Governatore Gavin Newsom ha detto: “Queste tariffe non erano altro che un’accatura illegale di contanti che ha fatto salire i prezzi e ha danneggiato le famiglie lavoratrici, quindi si potevano distruggere alleanze di lunga data ed estorcerle”, rivolgendosi a Trump in una dichiarazione. “Ogni dollaro preso illegalmente deve essere rimborsato immediatamente – con gli interessi. Tossire!”

Molto a che pensare per tutti tranne Trump

Il governo rimborserà agli importatori le commissioni che ha addebitato? I contribuenti saranno rimborsati per i prezzi in eccesso che hanno pagato a causa delle tariffe? Come risponderanno alla sentenza i governi stranieri che hanno concluso o sono in procinto di negoziare accordi commerciali? India, Indonesia, Giappone e Corea del Sud hanno tutti fatto concessioni significative agli Stati Uniti per ottenere tariffe più basse, solo per scoprire che se avessero aspettato, avrebbero ottenuto tariffe più basse senza dover promettere enormi investimenti negli Stati Uniti o tariffe basse o nessuna sulle importazioni di prodotti statunitensi.

Diversi governi tagliano accordi con gli Stati Uniti sacrificando la stabilità interna. L’India era una. Un ex funzionario del commercio indiano ha detto che la “sentenzione della Corte Suprema dovrebbe spingere l’India a riesaminare il suo accordo commerciale”, che le aveva richiesto di raddoppiare le importazioni di merci americane. L’accordo commerciale appena concluso dell’Indonesia con gli Stati Uniti consente di entrare merci statunitensi senza dazi in cambio di un dazio del 19 per cento sulle importazioni indonesiane negli Stati Uniti. Il governo indonesiano potrebbe voler rivedere quell’accordo ora.

L’Unione Europea era sull’orlo di un accordo commerciale con Trump. Ha messo in pausa l’accordo, poiché molte delle sue esportazioni verso gli Stati Uniti saranno ora addebitate a un tasso del 30%.

Hakeem Jeffries, il leader dei democratici alla Camera, ha scritto su X che la decisione della Corte Suprema è “un’altra sconfitta schiacciante per l’aspirante re”. Trump è certamente sulla stata per aumentare le sconfitte.

Avrebbe dovuto vederlo arrivare. Il sessantaquattro per cento degli americani non si piace della sua politica tariffaria per il suo ovviamente impatto negativo su tutti tranne che sui ricchi. Poche persone sono state persuase dall’argomento trumpiano secondo cui le tariffe sono pagate dagli stranieri.
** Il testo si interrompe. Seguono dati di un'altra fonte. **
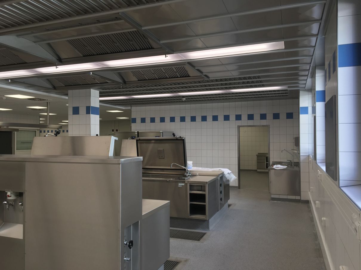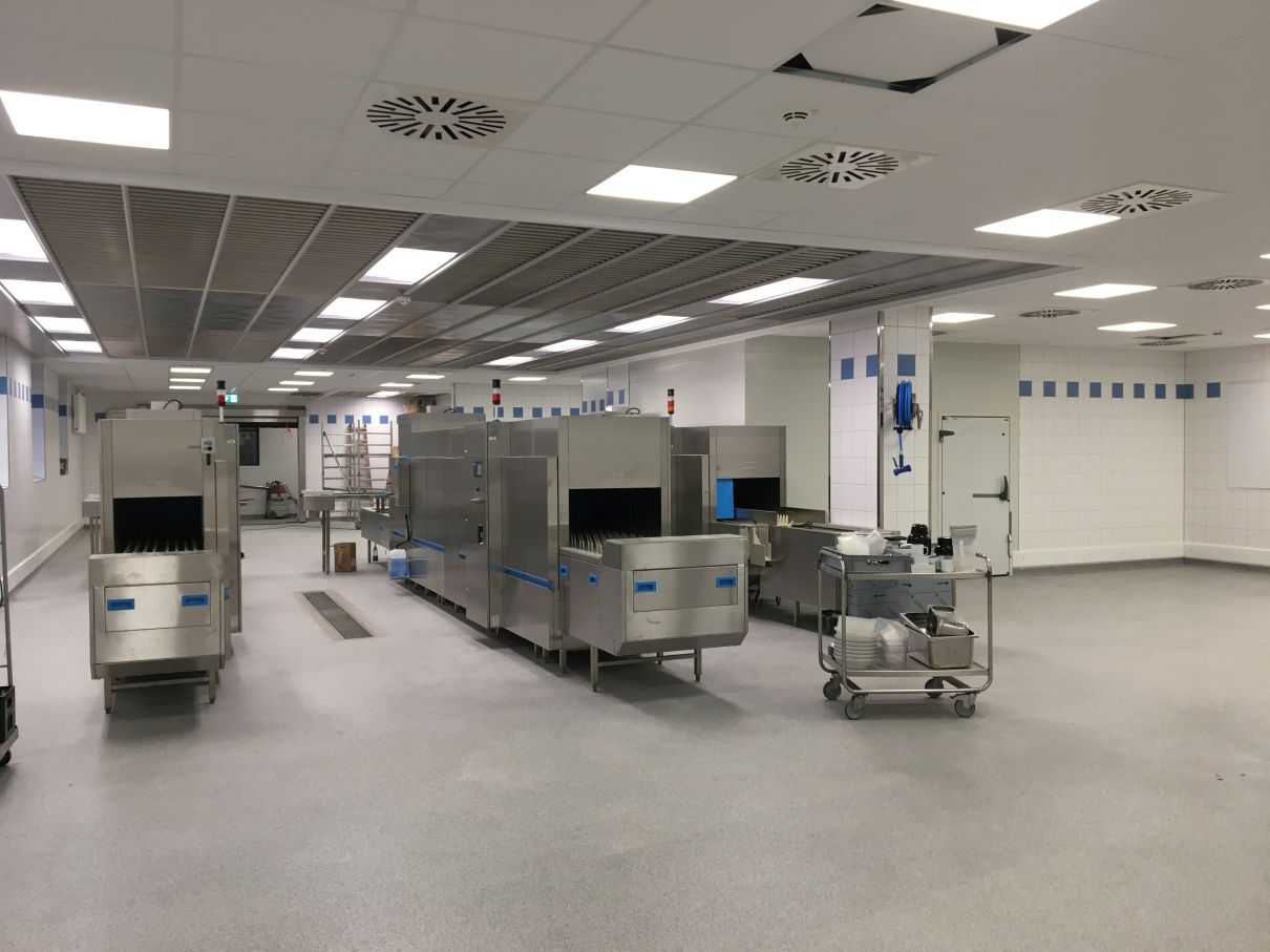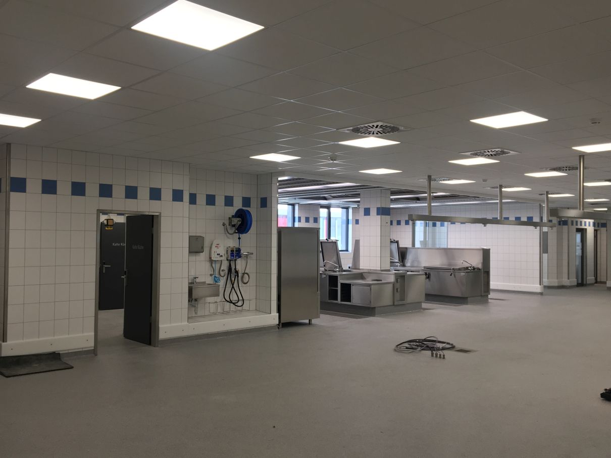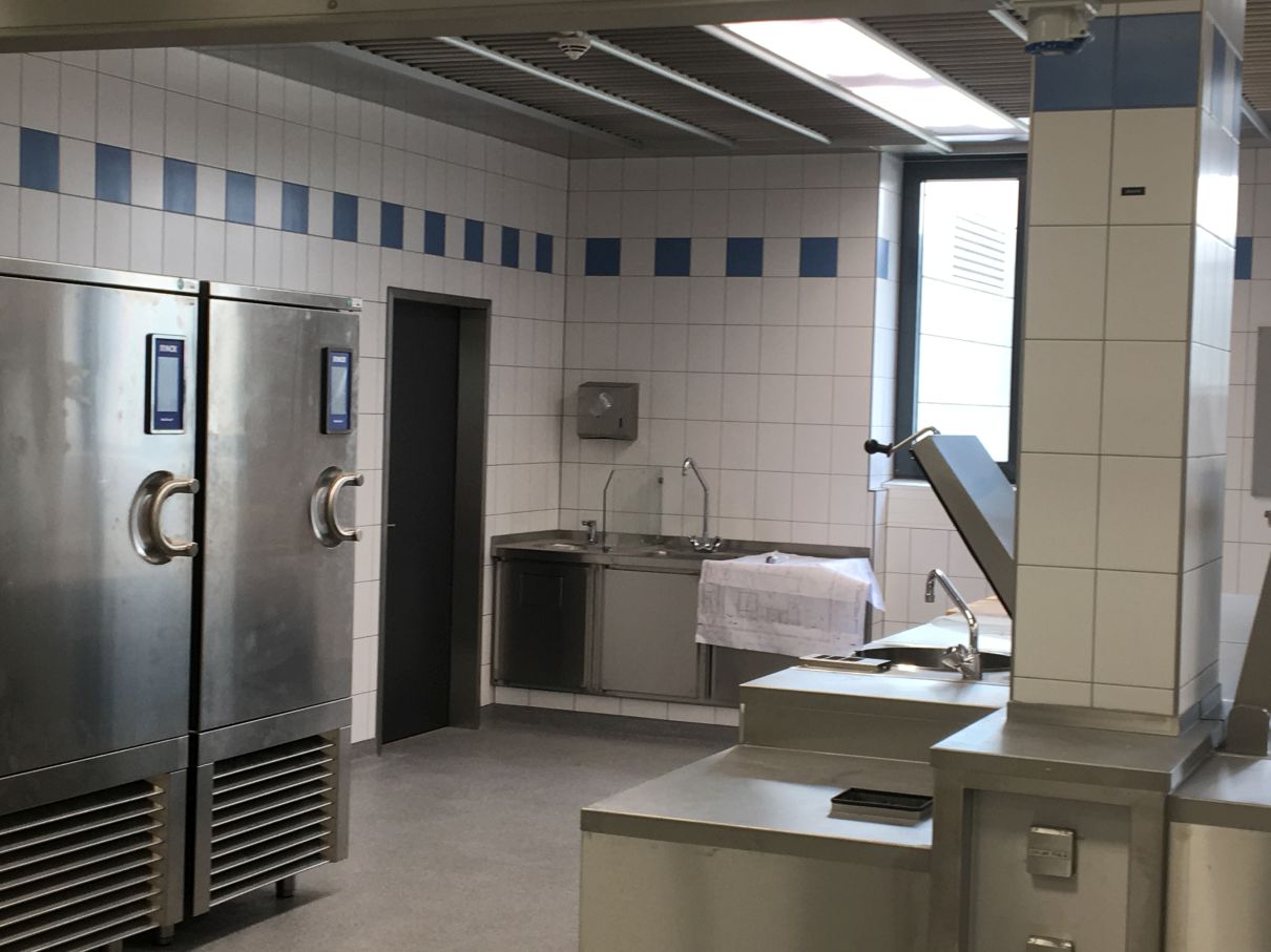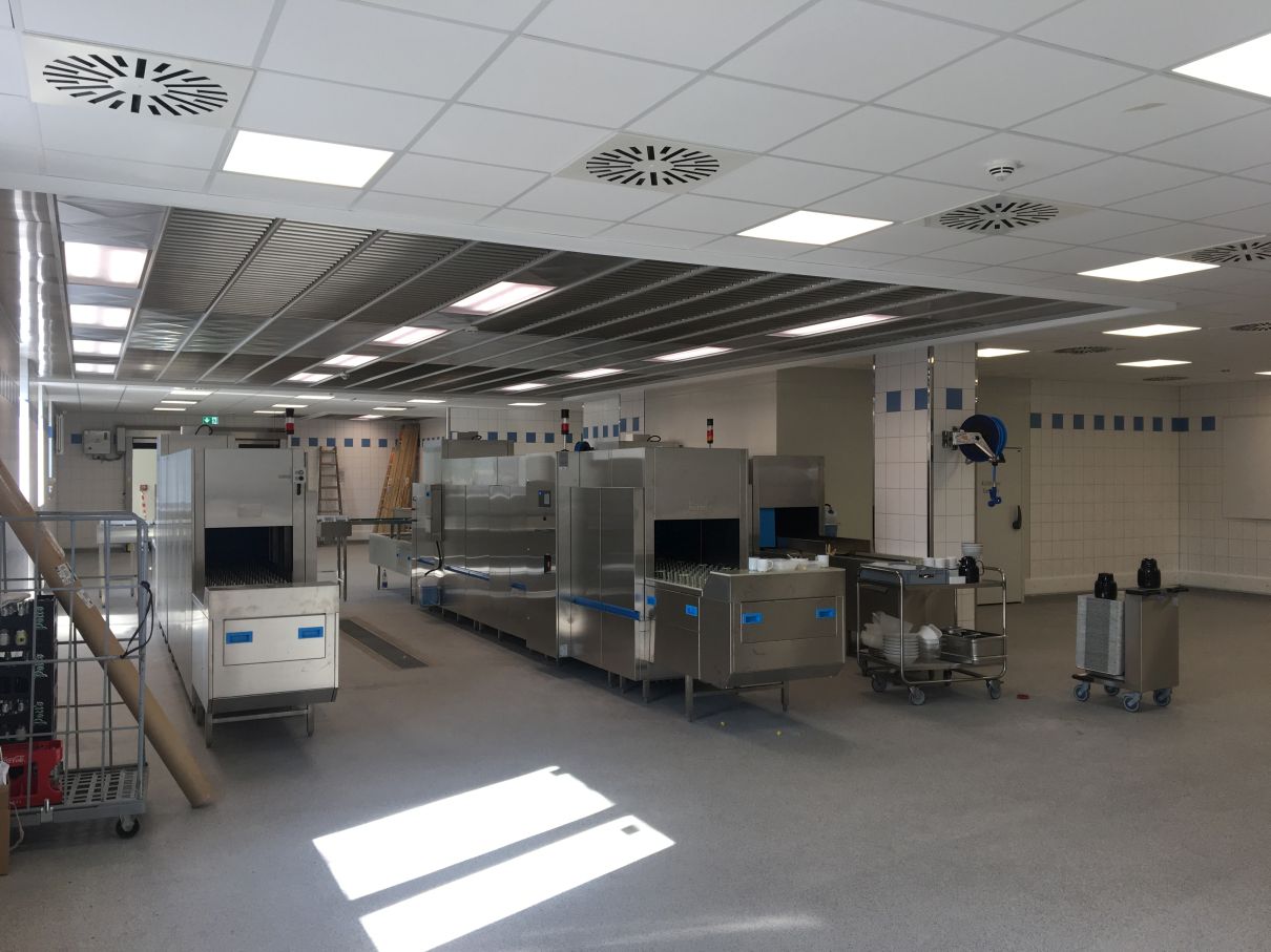 Egy ipari konyha burkolása volt a feladat. Aminek a különlegessége a (klasse c) osztályú/minősítésű víz szigetelés melynek követelménye az epoxid anyaggal történő fugázás.
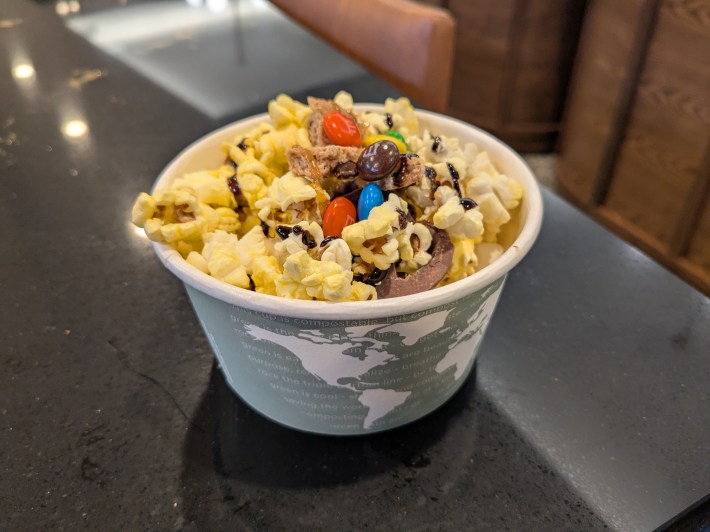 Fresh-popped popcorn topped with a customizable selection including Reese’s Pieces; M&M’s; crushed Oreos; chocolate-covered pretzels; yogurt-covered pretzels; Nerds clusters; cookie crumble; miniature marshmallows; and chocolate, white chocolate, or caramel sauce. Available at Section 106.
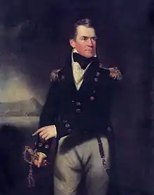 George Collier, Leander's first commander, by William Beechey. A star frigate captain with distinguished service off the Spanish coast to his credit, Collier's failure to catch a fleeing American frigate during his time in command of Leander was ultimately his downfall.
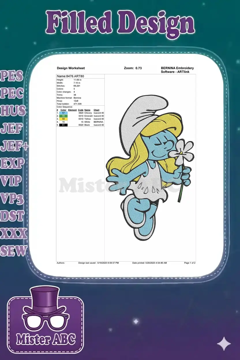 Happy Smurfette with Flower Cartoon Character Embroidery Designs
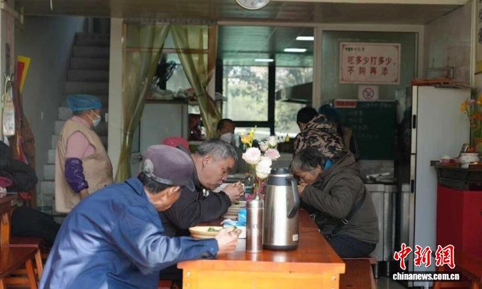 浙江海鹽,民眾在免費(fèi)素食館中用餐。海鹽縣傳媒中心供圖
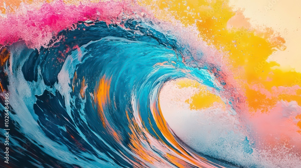 A large wave with a vibrant blue, orange, and pink color palette crashes in the ocean. #1026484986
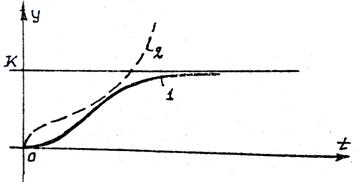 Рисунок 4.1 – Монотонный переходный процесс (1 – устойчивый; 2 – неустойчивый)
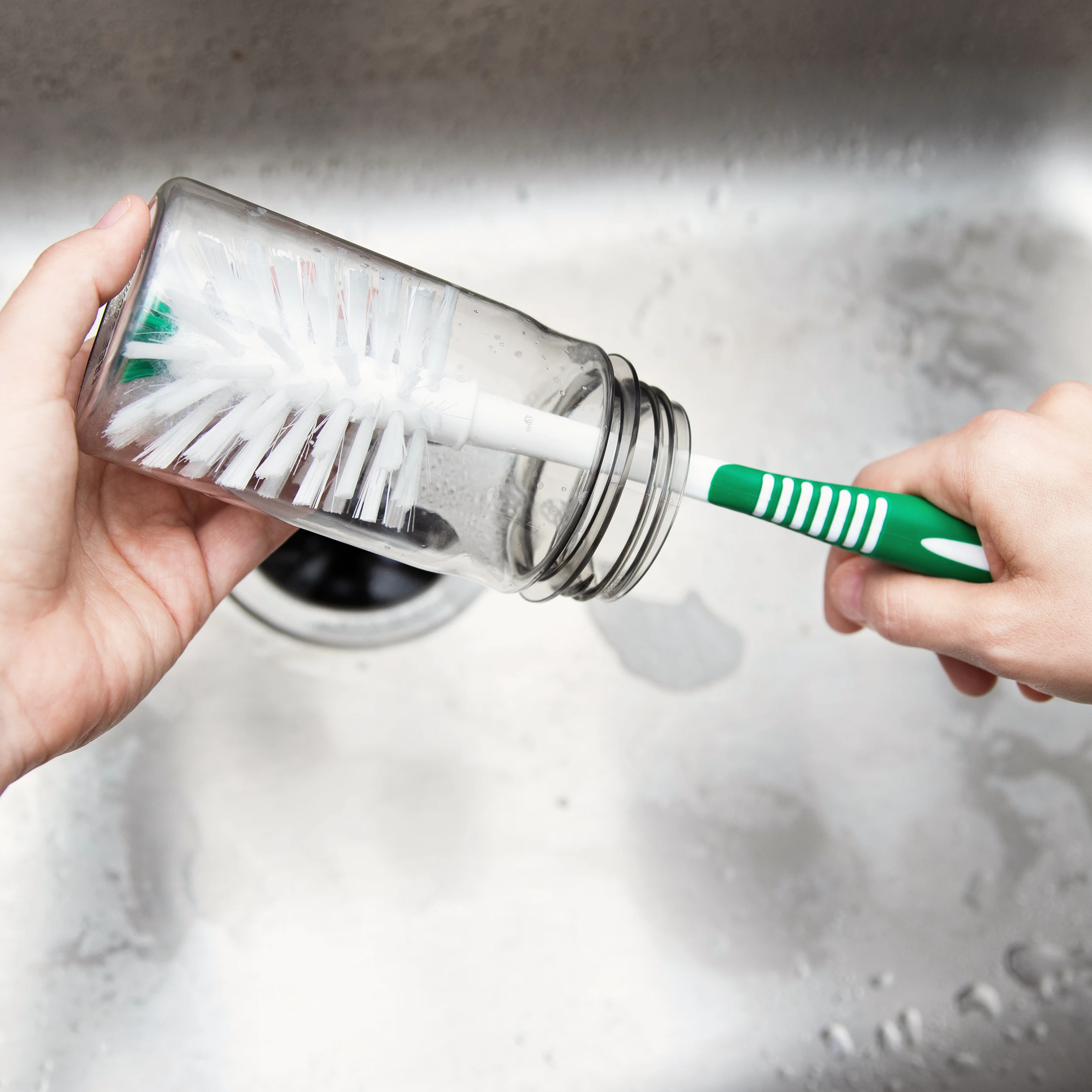 - Soft and flexible polymer bristles made of recycled PET get into all shapes and sizes of bottles and other areas
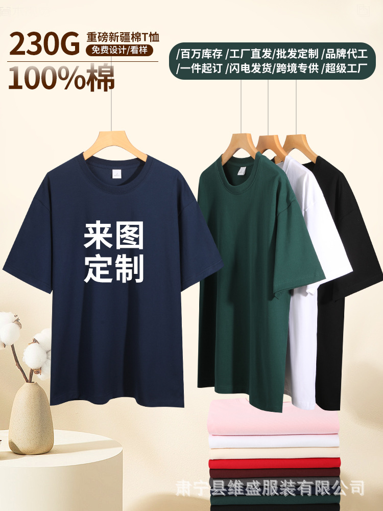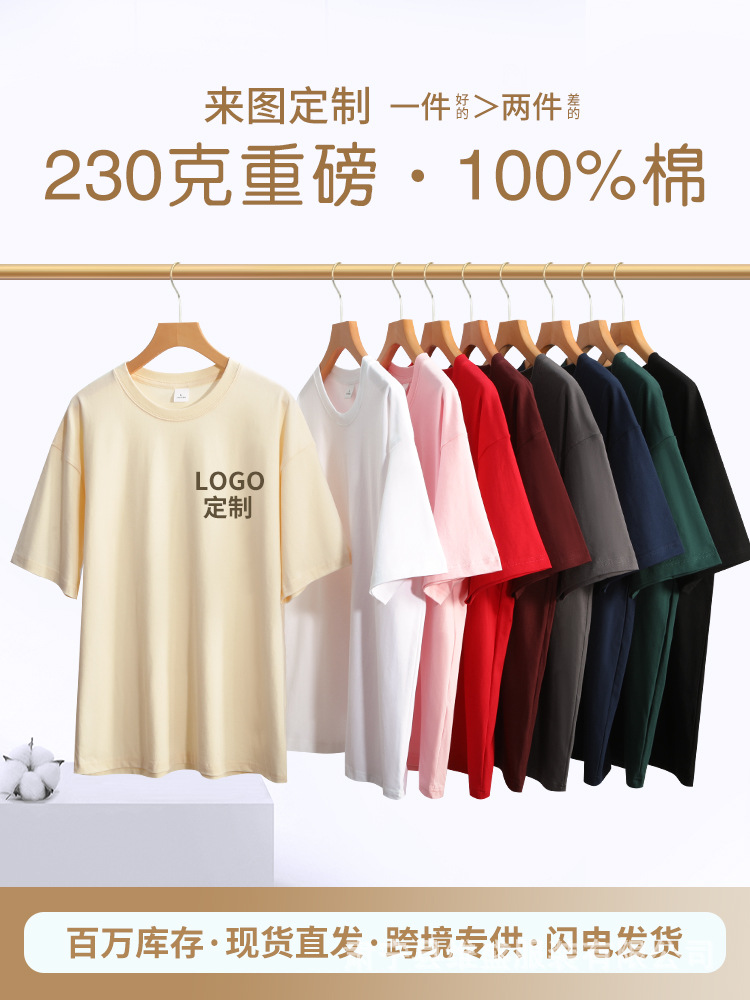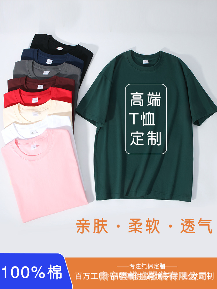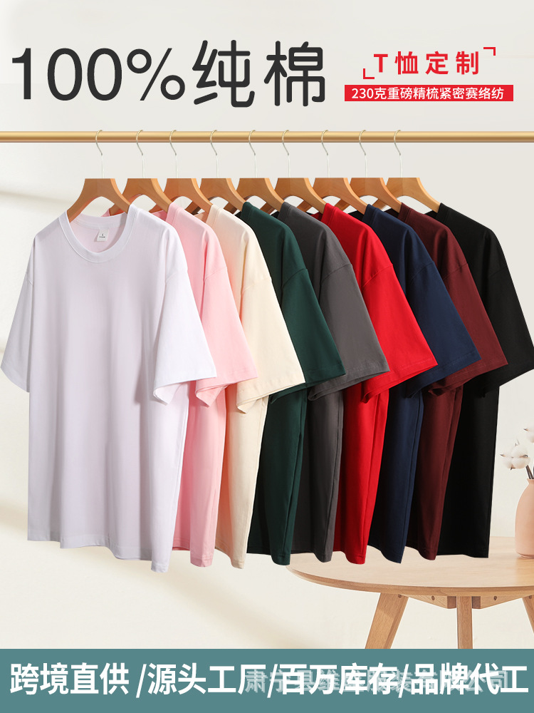 순수 코튼 티셔츠 반팔 여름 유행 브랜드 바닥 셔츠 흰색 티셔츠 남성 커플 티셔츠 맞춤 문화 셔츠 인쇄 230g

Nemmeno la maggioranza conservatrice della Corte Suprema, che ha accettato così tanti elementi della presa di potere di Trump, potrebbe accettare che l’armamento delle tariffe da parte di un presidente possa aggirare l’autorità del Congresso ai sensi della legge. È meglio che i compari repubblicani di Trump al Congresso prestino attenzione, dal momento che Trump chiaramente non lo farà.

“Non devo” lavorare con il Congresso, dice Trump. “Ho il diritto di fare tariffe”. Parlato come un aspirante re.

Di Mel Gurtov

Mel Gurtov è Professore emerito di Scienze politiche alla Portland State University.